Now the so-called “superpowers” you get aren’t actually superpowers and I’ll tell you that now. The reason you get this is because you stop “treating yourself” with PMO and use that energy and newly found sex drive towards actual woman. For me, I️ got large libido, increased confidence, more periods of happiness, I️ actually felt my emotions (which is actually a good thing believe it or not), and I️ was more social with the opposite gender.

Now whenever I️ felt the withdrawal symptoms or an urge, the following are things I️ did to keep going:

1.) Whenever I️ felt an urge, I️ went out and distracted myself. You can’t just sit in a room with a laptop and phone and expect not to wind up browsing for porn or a picture. Even today I️ still get urges that are strong but I️ know what to do in order to forget about them

2.) Cold Showers – these were an absolute savior for me many many times. If you get an urge, jump in an ice cold shower and it will keep you mindful and make the urge pass.

3.) Exercise – this was another big one because I️ used the gym for all of the sexual urges I️ felt. It was something to redirect that energy towards

4.) Meditation – this was another big one for me. It helped ease the depression I️ felt and allowed me to see things from a different perspective. I️ highly recommend the app “Headspace” if you’re willing to meditate.

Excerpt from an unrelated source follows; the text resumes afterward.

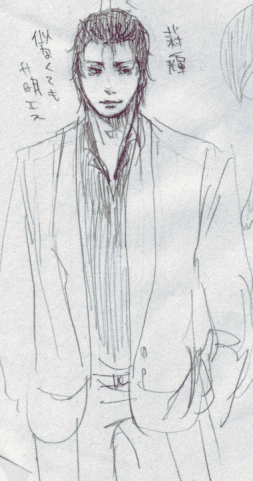 ごめんなさい、神。損ないまくりです。 でも今日は久しぶりにカフェイン取ったからちょっとは眠気に耐えられるかな。(寝ろよ 一日6時間寝てればとりあえず元気なんですが、週のうち半分以上5時間とか4時間が続くと、ちょっと授業中とかバスの車内で意識が飛びそうになります。 ていうか『新・仁義の墓場』の特典映像見てたら偶然にも今日が岸谷さんの誕生日だということに気がついた!!オメデトー!!!vvv わあお。親父と同い年や。 どうしよう。最近好きになる人がみんな親父くらいの年齢なんですがwww力タンとか進タンとかwwww 『オヤジ好き』と言われるのはうれしいけれど『ファザコン』となるとちょっと凹む・・・orz まあいいけどね。現に親父と仲いいし話も合うしね。仲悪いよりいいよね。便利だもんね。(ぉ 今日はずっと胸焼けというか気持ちが悪かったです。昨日五朗タンがおえおえ言ったりあ゛ーあ゛ー言ったり上から下からゲロッたりしたからかなぁ・・・(えぐい) 血もドバドバだったから影響されたんでしょうか。でもここ最近ずっと胃の調子がおかしい。お腹は空くのにあんまり食べられなかったりね。少食になったかと思えば体重は大して変わらなかったりね。でもそんなの関係ねぇー!! ・・・ごめんなさいノリで言いましたまだちゃんとネタ見たことありませんごめんなさいあんまりテレビ見ないんです サイトのほうがある程度まとまってきたらオフ友にも教えてオンでもオフでも仲睦まじく交流したいなぁなどと考えていたのですが、なんだか通常進路を大きく逸れて日本列島を縦断して壊滅的被害をもたらしそうな危惧を抱いております。どうしよう。ウンコ絵とかチンコ絵とかいつうpするんだろう。 いいさ!引かれたっていいさ!どうせ私なんかウンコさ!ウンコウンコ!!(大丈夫か そういえば龍如の便箋を作りたかったけど無理ぽです。やる気起きナス・・・orz ああん。明日劇場版龍が如くDVDが届くよフォオオオォオオォォォォォォオオオオオ!!!1!1!!!!11っうぇwwww あぁ今から死んでしまいそうだ。でも明日はそろそろ部活を頑張らなくては。 なにげなくMONカウントダウン見てたらPerfumeの樫野有香タソに萌えますた・・・ なんかこう・・・遥タンが大きくなったらこんな感じかなとか想像してしまった。髪型とかね。おめめカワユス。 今日は、『新・仁義の墓場』を観ました。 嗚呼。圧倒的。 どうしよう。ますます岸谷五朗が好きになりました。 見終わった後の余韻でなんかダークな気持ちなんですがそれを吹っ飛ばしてハイに語ります。 この作品、あれなんですよね。三池祟史監督なんですよね。 龍が如くの前にも三池監督と岸谷さんやってたんだ。しかもこれがヤクザ役初挑戦らしい。 そして。 これの岸谷さんの役どころが、『狂犬』。 観ればわかるんですけど、あの切れっぷりが。 途中で薬物に走ってさらに加速するんですが、シラフでも十分キてます。大好き。 無表情にグサグサやるあたりが大好き。あのどこか呆けた様な無感動な瞳が大好き。 いやぁ。これを観てしまうともう、龍が如くでの真島の兄さんの役は岸谷さん以外にできないでしょう。 というかどうしても真島の兄さんの若かりし頃を想像してしまいます。きっとこんななんだろうなぁ。 でも兄さんはもっとポジティブシンキングだし情に厚いし卑屈じゃないよね。兄さんのほうが好き。でもこの役の石松も好き。 ああん ハイテンションに語るどころかローテンションになってしまった。 だってしょうがないじゃん。眠いんだもの。 とりあえず明日新体力テストとか糞があるので寝ます。 あ。 『新・体力テスト』 よし、ちょっと楽しみになった。(ぉ きょうのらくがき 眠すぎる。親父が「オトコ香る。」を買ってきてくれますた。明日食ってみよう。体育で汗ダラダラにかいて香りを発してやる!!(きもい 結局今日はお気に入りの整理をしてたら一日が終わってしまった・・・orz 特に同盟の整理をしてました。ああん、力タンとか進タンとか五朗タンの同盟ないのねorz 一輝タンの同盟はあったけどな!11(・∀・) 一部消えてた同盟もあって、でもバナー張りたいので掘り出して画像だけゲトしたりしました。 よぉし、こうなったらパパ同盟作っちゃうぞ☆★ 今のところ予定↓ 毛先同盟 寺島進同盟 ミナミの帝王同盟 劇場版龍が如く同盟 ・・・うん。ちょっと時間の都合で大変かもしれない。でもがんばる。 ポルノのツアーに申し込まなければならないのにこういうことばかりぐだぐだしてしまうorz どっちにしよう。どっちの会場が近いのか調べなければ・・・ つか早くアルバム開けろwwwwwwwww死wwwwwwww なんか来年の春コミかなんかで龍が如くのプチオンリーがやるらしいですね!!! サークル参加は厳しいですが、一般で行くことケテイです(・∀・*) フォォォォォォォォオオオオオ……!!!なんか今からマジwktkなんですがwwwwwwwww て言うか fake star あれ最後「て言うか」って聞こえるなーとか思ってたら本当に「て言うか」だ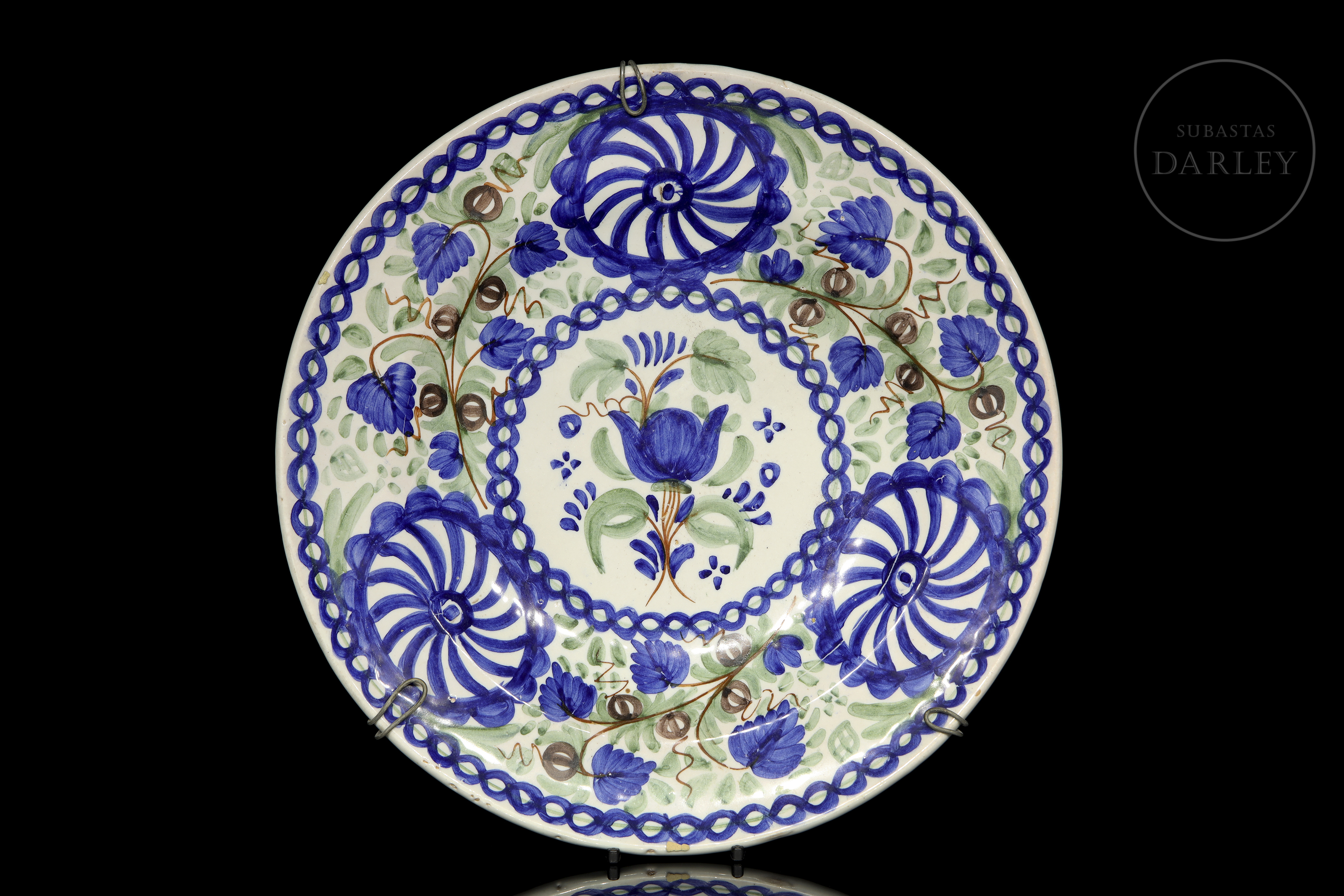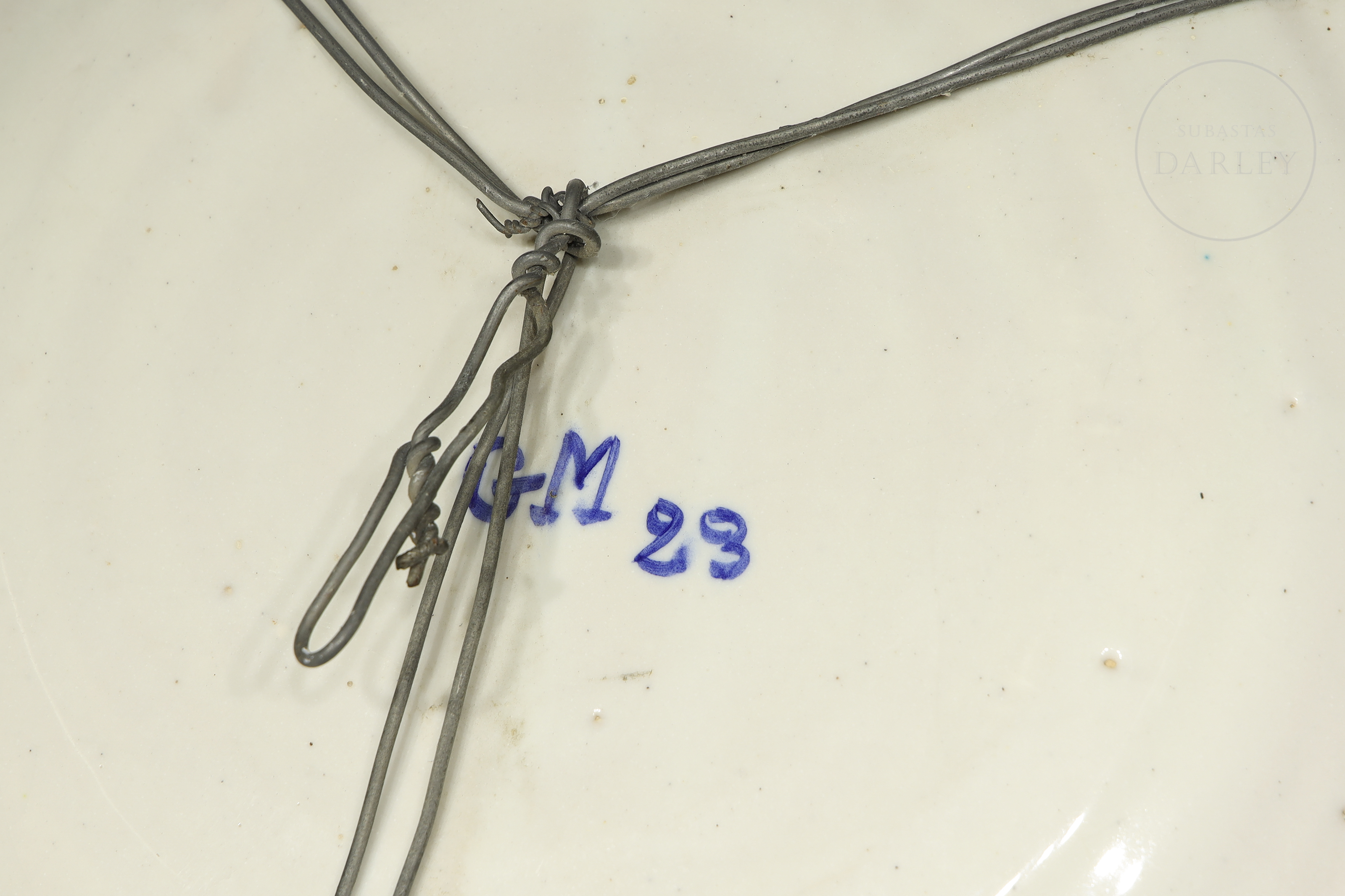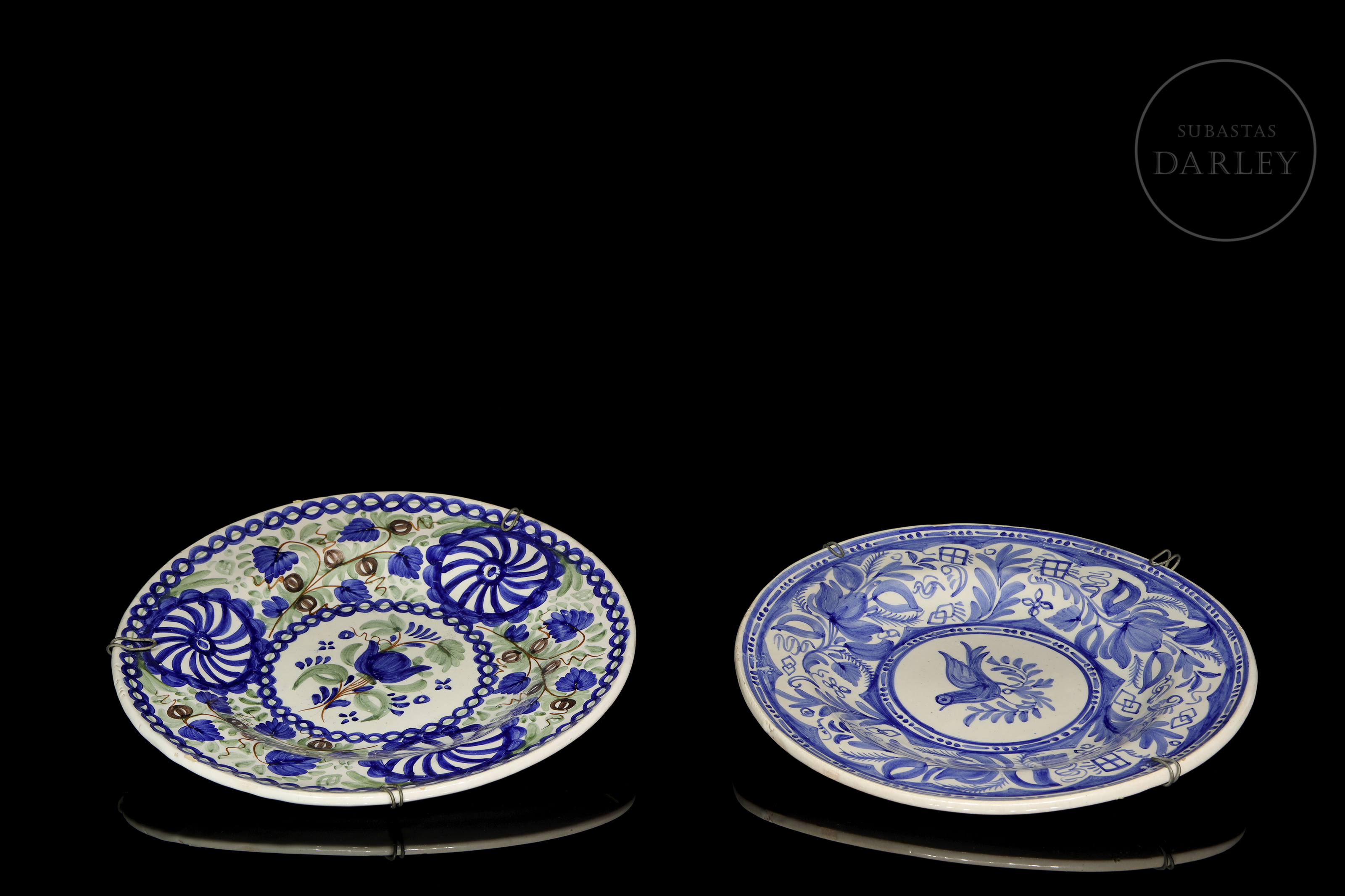 釉面陶瓷(马约利卡瓷)。两只装饰盘采用传统瓦伦西亚风格,以钴蓝与绿色装饰于白色底上。其一饰有风车与花卉纹样,其二中央绘鸟,背景为植物纹饰。底面标有“G. M.”字样。

5.) Go out – meeting people and hanging out with friends can help with urges cause you can’t PMO around people. Plus socializing is proven to make people happier.

6.) Research – I️ have done extensive research into porn addiction and the effect it can have on your brain and it’s not good. Seeing this in many articles helped me keep going and also prevented a relapse at many times because I️ knew it would set me back.

7.) Know that whatever you’re feeling is temporary. The feelings of withdrawal always subside eventually. You must just keep moving forward.

The journey is filled with ups and downs but in the end, just know that you’re not alone with this journey as we have this forum to help guide us.

If anyone has any questions, feel free to ask and I️ can give any advice that people need.

Good luck to the rest of you!! As for me, I’m going to keep going and see what else life without PMO has to offer.